Sampling — the good, the bad, and the ugly

Aniruddha
i0exception
Published in
7 min readOct 16, 2019

Benjamin Franklin once said — “Those who give up essential accuracy for temporary speed deserve neither speed nor accuracy”. In the real world, however, you frequently have to trade off one for the other. This tradeoff becomes increasingly appealing as your data volume increases. In this post we’ll discuss some common sampling techniques and ways to get the most out of your data, especially as it relates to product or behavioral user analytics.

Before we look at how to sample, it’s important to understand what the data being sampled looks like. In most cases you’re going to collect events. These are an immutable record of user interactions. Each event typically has a timestamp and a user identifier associated with it. Optionally, you might want to collect some metadata with each event. Typically, once you add instrumentation to your apps or websites (or use a tool that automatically collects everything), these events are generated in response to every user interaction. So, if you’re already generating these events — why sample?

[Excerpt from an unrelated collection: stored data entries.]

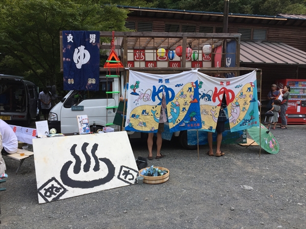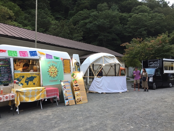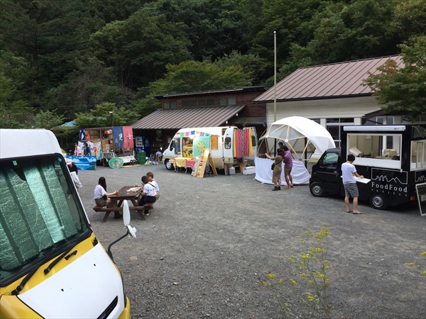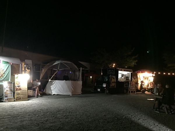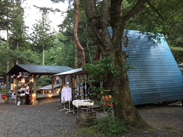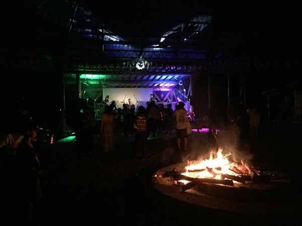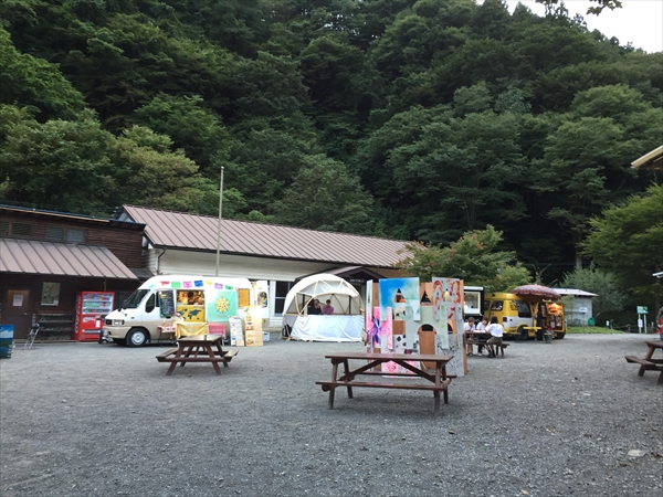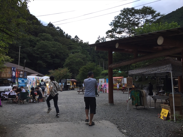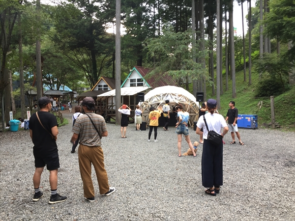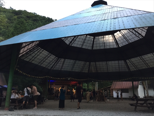これまで小菅村というと何度も日球ドームを使ってくれたことがある秘境祭が行われていた玉川キャンプ村の印象が強かったのですが、今回の会場となった平山キャンプ場はその隣にあり、敷地内を流れる渓流に沿って三角屋根のコテージが綺麗に並び立ち、大きなトンガリ屋根のあるステージを完備するなど、充実した設備と気持ちのいいロケーションは玉川キャンプ村に負けず劣らず。秘境祭が今年から別の会場に移っても小菅村に呼ばれる事になんだか不思議なご縁を感じずにいられません。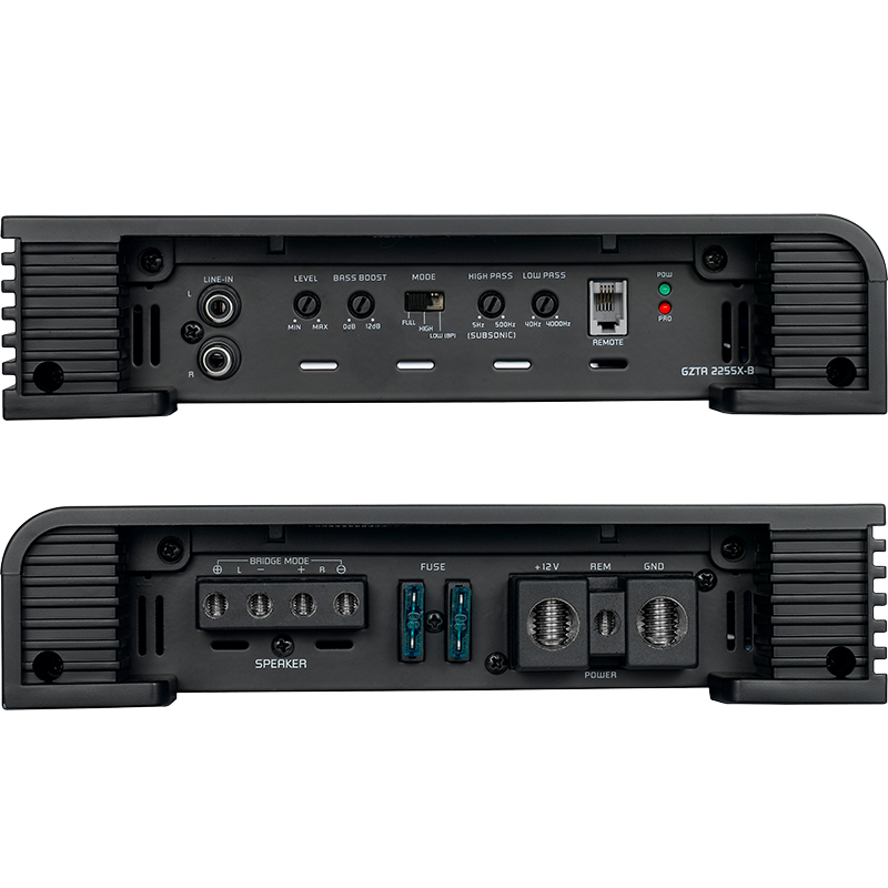 Ground Zero GZTA 2255X-B - автомобильный усилитель 2 канальный. 2x150 Вт (RMS) 4 Ом, 2x250 Вт (RMS) 2 Ом, 1x500 Вт (RMS) 4 Ом.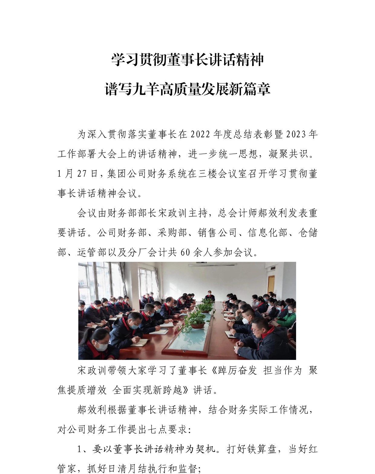 学习贯彻董事长讲话精神 谱写ag8国际大厅登录|官网首页高质量生长新篇章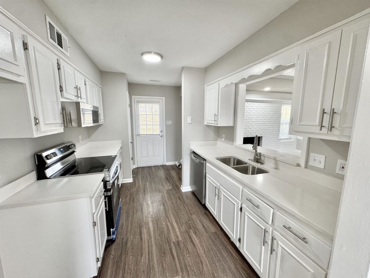 Spacious and beautifully updated 4-bedroom home! This inviting property has been refreshed throughout with bright Chantilly Lace paint, complemented by matching lights, fans, and upgraded door and cabinet hardware for a clean, modern look. Step inside to a generous, welcoming layout featuring wood laminate flooring in all main living areas and plush new carpet with padding in every bedroom. The kitchen shines with granite countertops and all-new stainless steel appliances, offering a fresh and functional space. Both bathrooms have been fully renovated with stylish shower surrounds, framed mirrors, and upgraded faucets, creating beautifully coordinated and contemporary spaces. Outside, enjoy a fenced yard perfect for entertaining family and friends or giving pets room to play. Move-in ready and thoughtfully updated, this home blends comfort and modern style throughout.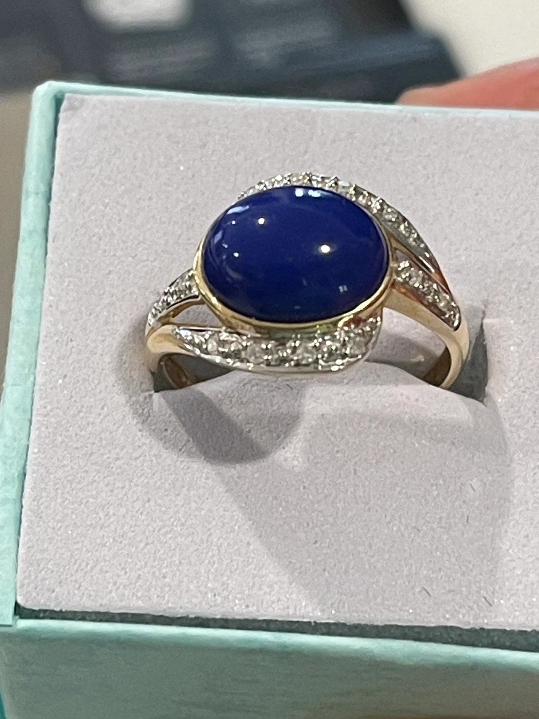 A beautiful 14k gold ring featuring a large, oval lapis lazuli stone surrounded by small diamonds. The band is crafted from gold. This ring would make a lovely statement piece.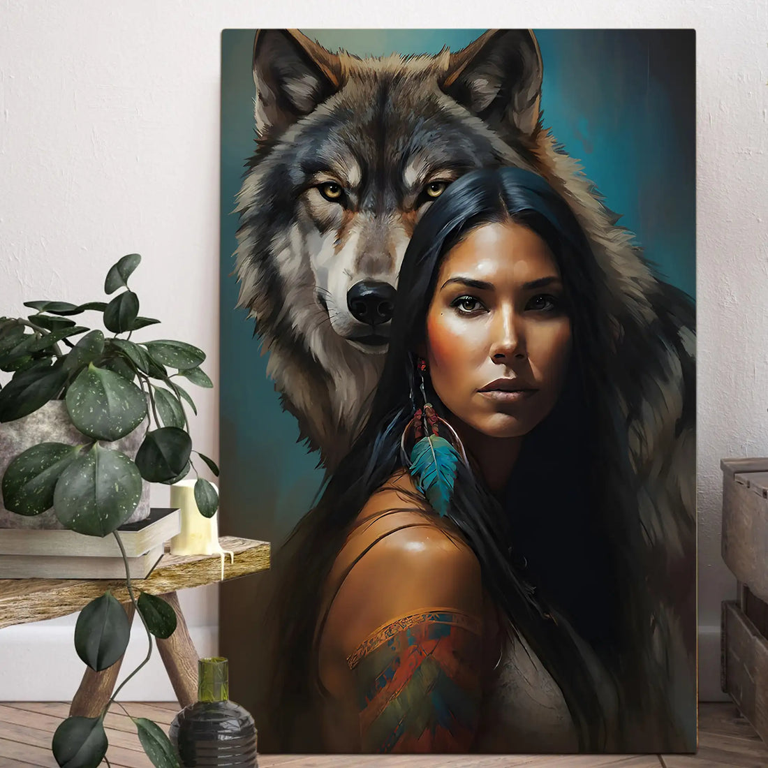 Woman with Wolf Spirit, Tribal Feather Canvas Decor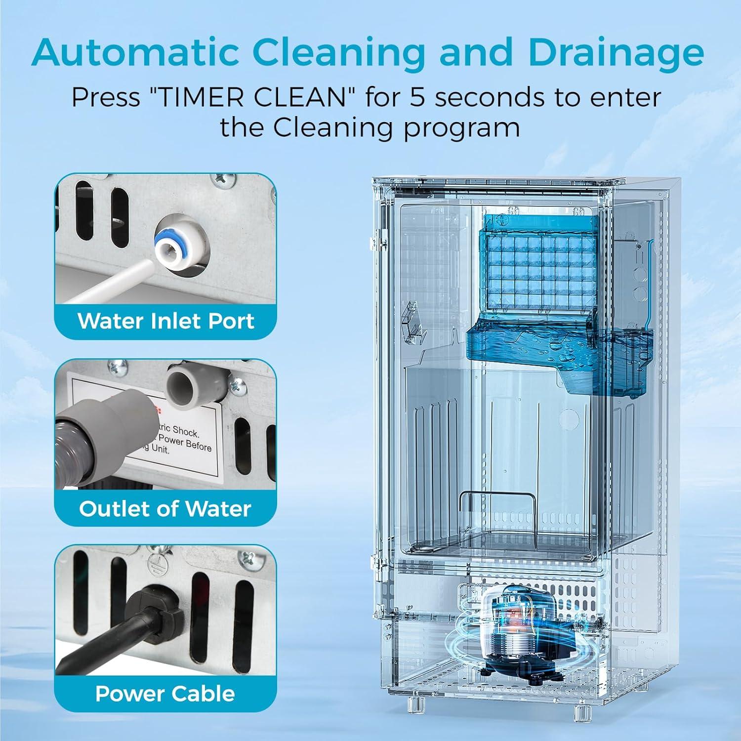 【Multifunctional Control Panel】 The commercial ice maker is fitted with an intelligent LCD panel. All functions and operations can be managed through the control panel. It displays the ambient temperature as a reminder to maintain the surrounding temperature for efficient ice-making. The Cowsar commercial ice maker features a 24-hour timer function, allowing you to set the times for the machine to turn on or off. This under-counter ice maker will initiate a self-cleaning cycle by pressing the “Timer Clean” button on the LCD screen for 5 seconds.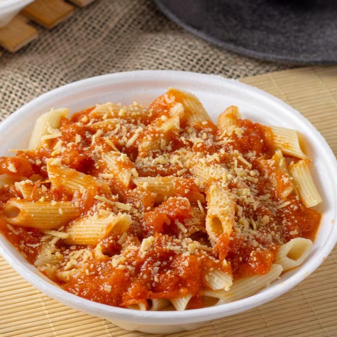 Macarrão ao molho pomodoro com parmesão ralado acompanhado de isca de frango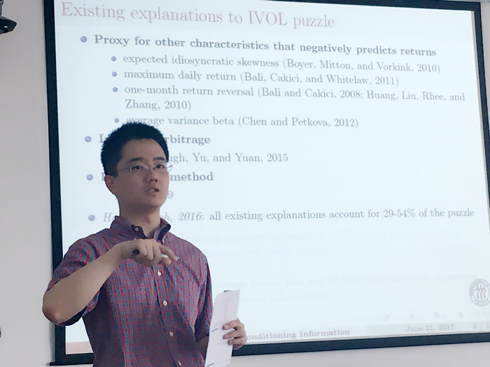 2017年6月21日,由公司中国资产管理研究中心主办的“2017(春夏)系列学术研讨会”第七期学术活动在best365足球官网会议室910成功举行。本次研讨会的主题为“Conditioning Information and Idiosyncratic Volatility Puzzle”。本次研讨会吸引了在校众多老师和员工的参与和支持。研讨会由best365足球官网教授、中国资产管理研究中心主任张学勇老师主持。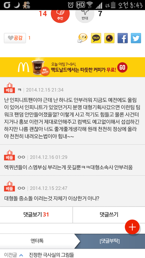엑퀴엑퀴 거리지 마 ㅅㅂ 그리고 겁나 스엠이 열심히 키워서 이렇게 멋진 컨셉이랑 노래를 내주는데 당근 스엠부심 부려야지 난 어제부로 또한번 닥치고스엠찬양 중이다 ㅅㅂ 어쩔래 숭고한 엑소와 스엠 까지 말란말이다 저딴게 배플이라니ㅡㅡ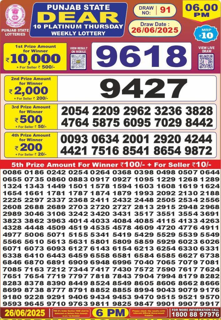 Punjab state dear 10 platinum Thursday weekly lottery 6 pm result 26-6-25 Results Editorial Staff June 26, 2025 Leave a Comment on Punjab state dear 10 platinum Thursday weekly lottery 6 pm result 26-6-25 Posted in Dear Lottery 6 PM Result Share: XFacebookPinterestRedditVKDiggLinkedinMix Dear Legend Monday Weekly Lottery Result Update 📅 Date: 26 June 2025 ⏰ Draw Time: 6:00 PM 🟢 Result Declared 🔗 View previous Dear Lottery 6 PM Result results Related Results Dear Legend Monday Weekly Lottery 6pm Result 02-03-26 Dear Empire Sunday Weekly Lottery 6pm Result 01-03-26 Dear Elite Saturday Weekly Lottery 6pm Result 28-02-26 Dear Crown Friday Weekly Lottery 6pm Result 27-02-26 Dear Supreme Thursday Weekly Lottery 6pm Result 26-02-26 Dear Regal Wednesday Weekly Lottery 6pm Result 25-02-26 Dear Prestige Tuesday Weekly Lottery 6pm Result 24-02-26 Author: Results Editorial Staff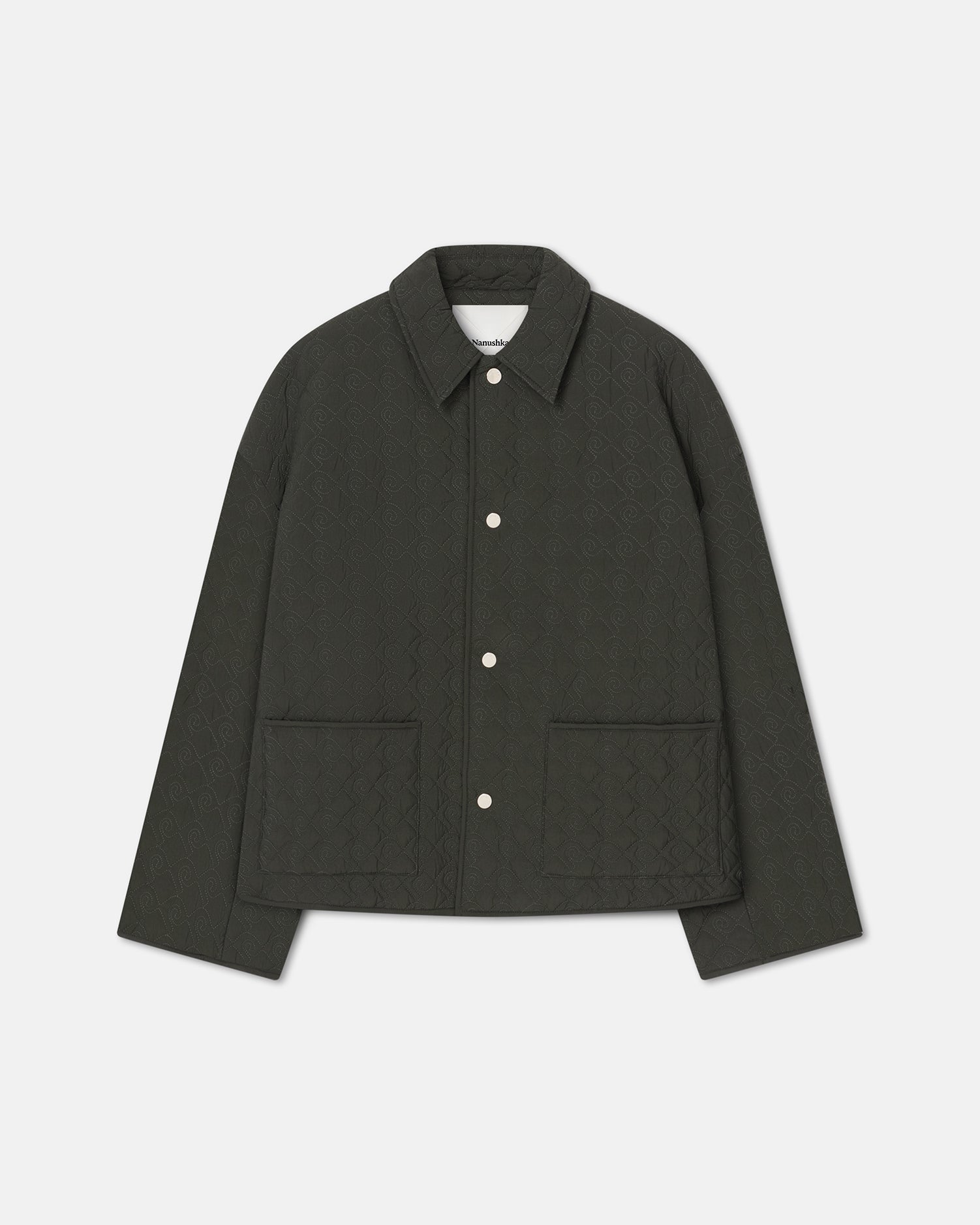 Fabric manipulation creates something unexpected this season. Made from quilted nylon, the textured Gibbson jacket becomes a fresh, modern take on classic workwear silhouette. The fit is boxy, with a pointed collar and capacious waist pockets.

There are two main reasons why you might want to consider looking at a smaller subset of your data for insights — speed and cost. In some cases, you can get faster results if you decide to spend more on computation. However, not all computations are infinitely parallelizable.

How to sample

Whether you decide to sample by dropping data during collection or at query time, how you choose to ignore data matters. It’s important to have the sampling be random — otherwise you’ll run into sampling bias, which makes analysis hard. There are a few ways to do this.

Sample every event

This is the most naive way to sample data, but it works well if you only care about aggregates. Here, the decision to sample is independent of the event or user being tracked. When you run aggregates, you can multiply by the inverse of the sampling factor to get an approximate value. The biggest drawback of this approach is that any kind of analysis that depends on a sequence of events (like a funnel report) is usually incorrect.

Sample high volume events

Not all events are made equal. You are likely to have a few outliers that contribute the most to event volume. Random sampling for these outliers and collecting all other events un-sampled works well in practice. This has the same drawbacks as the previous approach, but the impact is restricted to analysis that spans the outliers.

Sample all users

For user analytics, every event is likely to have an associated user identifier. This represents the individual you are tracking information about. The goal of this approach is to keep all activity for a small sample of users and discard all activity for the others. If the user identifiers you keep data for are selected at random, you can extrapolate the results to get accurate numbers. The good part about this approach is that it works for aggregates as well as for any analysis that depends on a sequence of events, so long as it is per-user.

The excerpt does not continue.